Советское правительство должно было бы быть слепым или оказаться самоубийцей, чтобы соблазниться внезапными ухаживаниями Чемберлена, не потребовав надежных гарантий того, что все это не является просто-напросто ловушкой с целью втравить Советский Союз в кровопролитную войну с Гитлером, пока Англия будет исподтишка посмеиваться. Но г-н Стрэнг не мог предоставить таких гарантий. Тем временем сам Чемберлен без помех вел переговоры с министериаль-директором Вольтатом и другими отечественными и иностранными посредниками, которых все время слали к нему Геринг, Гесс и Риббентроп.

Весь сияя, Буттинг примчался ко мне в кабинет, чтобы сообщить последнюю новость о подписании Риббентропом в Москве пакта о ненападении с Советским Союзом. Он ворвался ко мне со словами:

– Фюрер – величайший государственный деятель всех времен и останется им навсегда.

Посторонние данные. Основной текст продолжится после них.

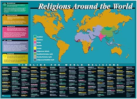 Amazon Com Religiones Del Mundo Mapa Y Timeline Aula Poster Hogar Y Cocina
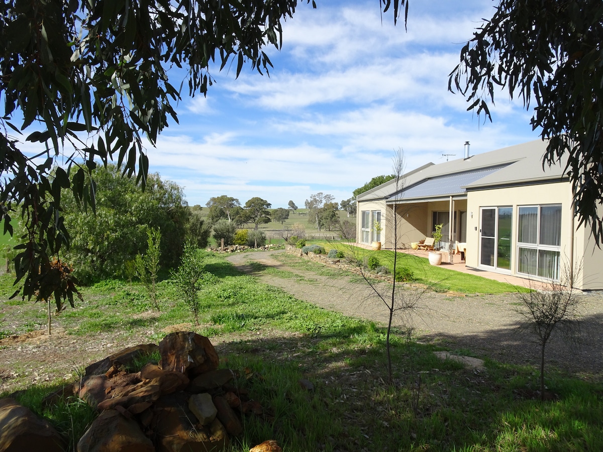 Ubicada en 80 acres en el corazón del valle de Barossa, esta ala de invitados privada y autónoma está rodeada de viñedos y jardines. Nuestro retiro te devuelve a la naturaleza... con paseos por viñedos y matorrales (acompañados por al menos uno de nuestros border collies), gansos amistosos, un curioso pavo real que vaga libremente, gallinas, canguros rescatados y salvajes, el ocasional koala y una gran variedad de aves. Disfruta de las vistas desde las terrazas, siéntate junto a la fogata (durante los meses más fríos) o relájate en la hamaca.

За моей спиной на камине стоял портрет Риббентропа. Я указал на него и ответил:

– Доктор Буттинг, не забывайте, пожалуйста, о втором по величию государственном деятеле всех времен.

Про себя я подумал: «Идиот, великий государственный деятель нашего времени находится, как видно, совсем в другом месте».

Теперь вертел повернулся – и совсем не так, как это представлял себе Чемберлен, занимаясь ужением рыбы в Шотландии. Чтобы прикончить взбесившегося пса – Гитлера, Англии приходилось выступить самой.

Я был кем угодно, только не образованным марксистом. Однако здравый смысл подсказывал мне, что, повинуясь чувству самосохранения, Советский Союз поступил так, как ему следовало поступить. Ни Гитлер, ни Чемберлен никогда не являлись друзьями Москвы. Когда они оба начинали грызться друг с другом, у Советского Союза не было никаких оснований вытаскивать из грязи ни того, ни другого.

Ни одно облачко не омрачало голубого неба в августе 1939 года. Казалось, что солнце хочет, чтобы старая Европа предстала во всем своем блеске, прежде чем мы погрузимся в долгую бомбовую, смертельную ночь. Каждое утро, садясь завтракать, я прежде всего спрашивал у Вилли:

– Долго ли еще продлятся мир и хорошая погода? Никогда европейское лето не казалось мне таким чудесным, как в те последние недели мира.

Согласно доверительным сообщениям, которые получали из Берлина наши военные представители, нападение на Польшу намечалось на 20 августа. Но вот прошел и этот день. Передавали, что в последний момент якобы вмешался Муссолини и удержал неукротимого Гитлера. На короткое время вновь появился проблеск надежды.

Я охотно еще раз попрощался бы с Лааске. Но это было уже невозможно. Все же мне хотелось провести денек на немецкой земле, подышать воздухом родины. Я позвонил по телефону г-же фон Штеенграхт, замок которой – Мойланд близ Клеве – был расположен недалеко от границы, так что я мог доехать туда на автомобиле за четыре часа. Она сказала, что с удовольствием примет меня в воскресенье. Ее муж Густав тоже должен был в субботу приехать из Берлина и остаться до понедельника; кроме него, там будут только ее старик отец и еще один общий знакомый.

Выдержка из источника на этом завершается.